We are currently using syslog-ng to dump files to a network storage location. Each day there are 5 .log files that are written by various servers and at the end of the day I need to merge the 5 files in chronological order and then compress them. For the past 2 years, I've use logmerge and it's worked great. The exact syntax is:
/local/bin/logmerge -f /mnt/logs/Windows/`date -d yesterday +\%Y-\%m-\%d`-sys*.log | gzip -9 -c > /mnt/logs/Windows/`date -d yesterday +\%Y-\%m-\%d`.log.gz && rm -f /mnt/logs/Windows/`date -d yesterday +\%Y-\%m-\%d`-sys*.log
Over the past few weeks this process has broken due to how large the .log files have gotten. Each one is now over 7 GB and the logmerge process is failing on sorting so many lines.
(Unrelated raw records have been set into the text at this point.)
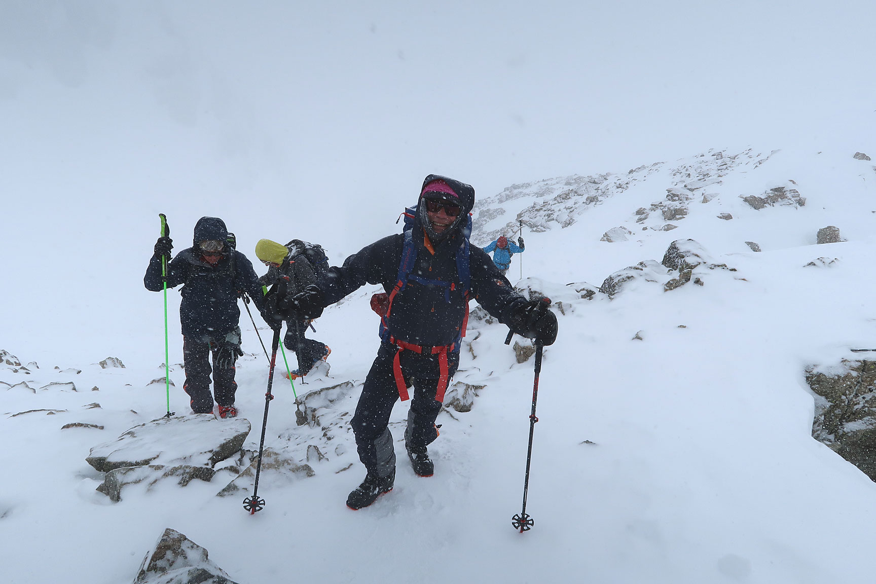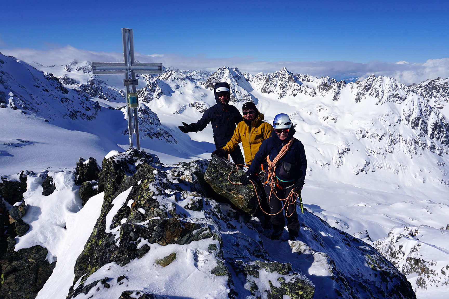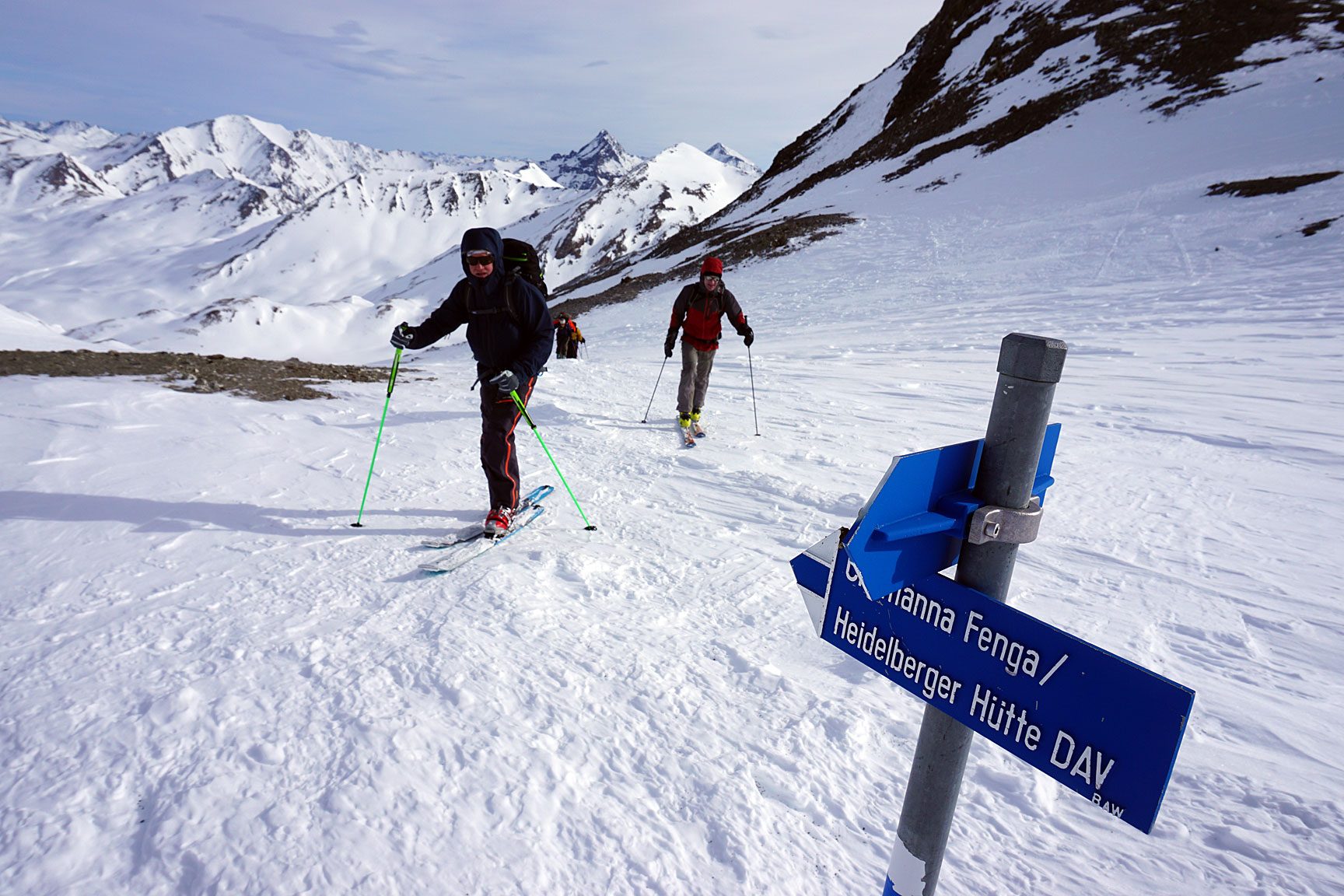 Day four brought wind and snow. We braved both to head up the Hintere Jamspitze. |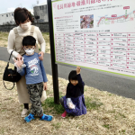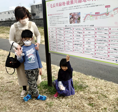 70本のうち下流の38本は寄附を原資にして植えられたもので、2カ所の桜配置案内板に2万円以上の寄付をした区民のメッセージが掲載された。長男の健ちゃん(桜花小1年)と千歳ちゃん(3歳)を連れて水やりに来た橋本法恵さん(花畑6丁目)は、夫の敏さんと連名で「しっかり進んで素敵で楽しい人になれますように」とメッセージ。「家の近くに桜の名所が出来るなんてうれしいです」と満面の笑みを浮かべた。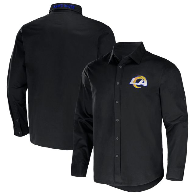 Men's NFL x Darius Rucker Collection by Fanatics Black Los Angeles Rams Convertible Twill Long Sleeve Button-Up Shirt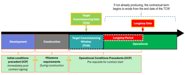 The SAF producer will be required to satisfy certain conditions precedent (including achieving project milestones) before the commencement of the RCM support period and within a “Target Commissioning Window” (TCW) . If the producer is late in delivering the project, the period of revenue support will start to erode.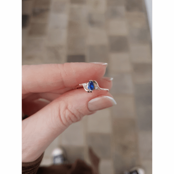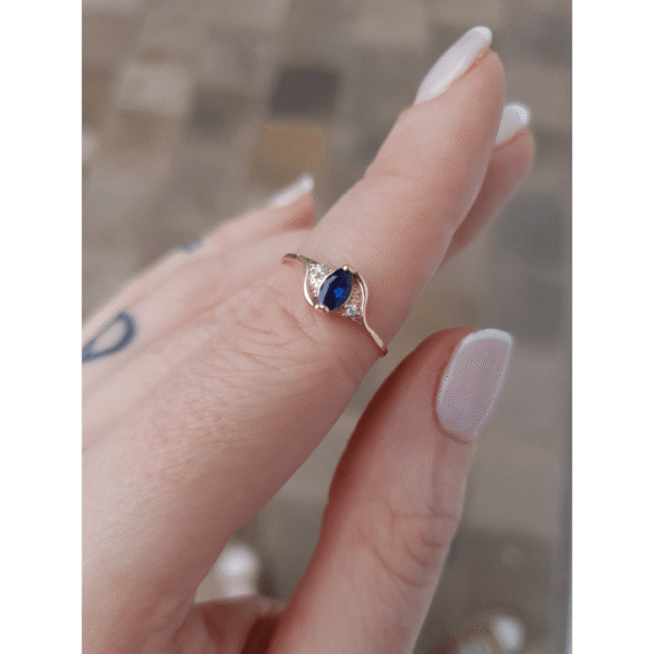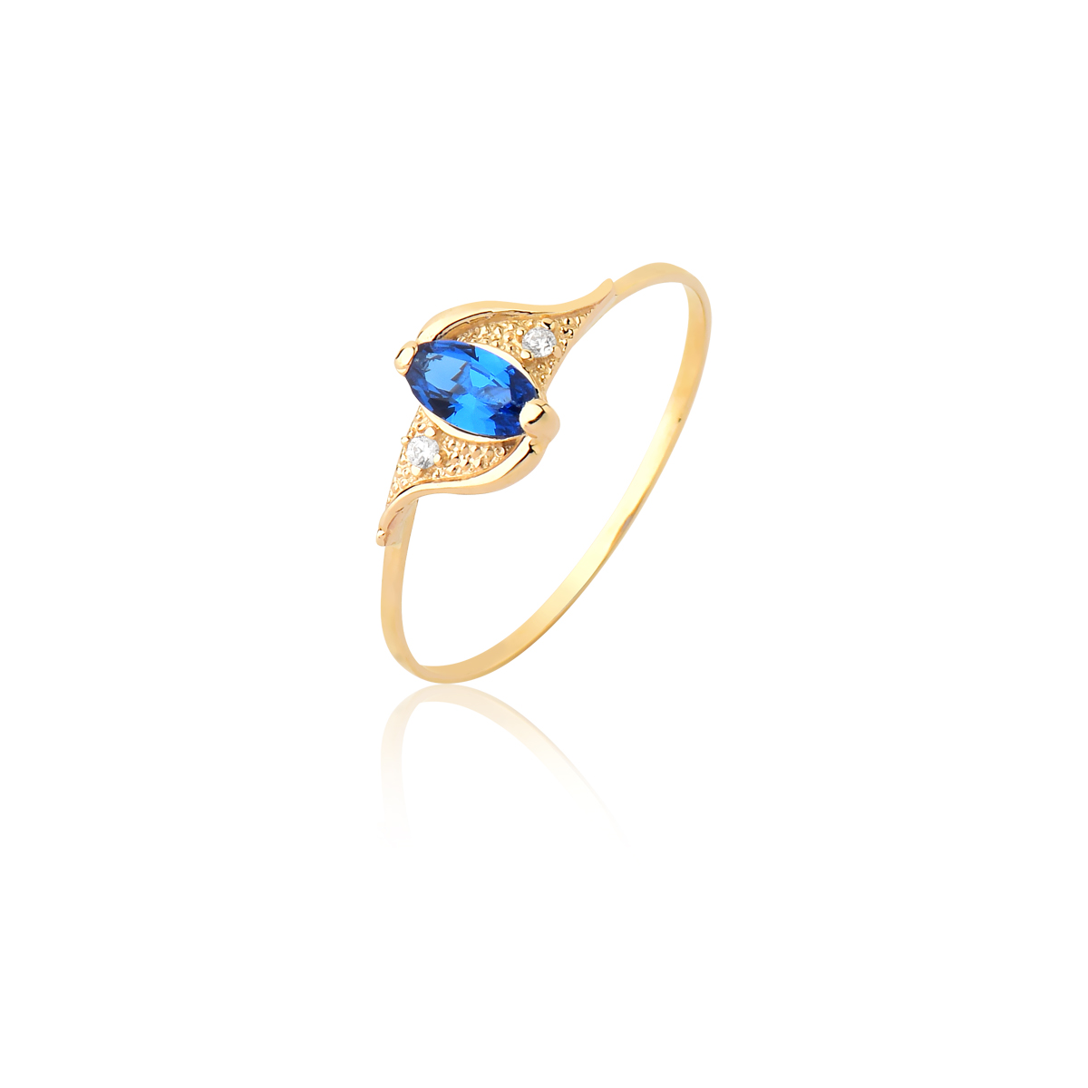 Pedra Central: Safira Azul (navete) com 2,5mm por 5mm.

Right now I'm just gzipping them but it makes searching harder because the logs aren't in order.
Is there a better way to merge these files and zip them up?
It rather sounds like you may want to look into some form of database to store your logs.
One possibility might be to use the ELK stack:
It isn't necessarily the answer you might have been looking for, but it sounds like you might have a legitimate use case for a solution like it. You can also consider something like Splunk, but given your volume of data, that will cost you.
Logstash can also be used on Windows machines to read the EventLog, so might allow you to achieve your goals without using syslog at all (if I am reading between the lines of your setup correctly).
It may also be there is something you can do about how the logs are being written to help avoid such massive files, but I would tend to think that if you are regularly dealing with 7GB of logs you periodically need to search through, a solution geared towards that use case might be more practical.
Updated I see. In which case, is it not possible to have syslog-ng write everything either to one massive daily file (rather than 5), or to have syslog-ng write everything to a series of files up to a certain size (e.g. 10 700M files, each created after the last fills)?
It really sounds like the issue is having your data out of order, and I would have thought there are ways to avoid that issue, by configuring syslog accordingly. Since it sounds like the timestamps are more important than the sources, I would imagine that timestamps alone (or possibly, timestamps and maximum log size) should determine how events are stored in the first place.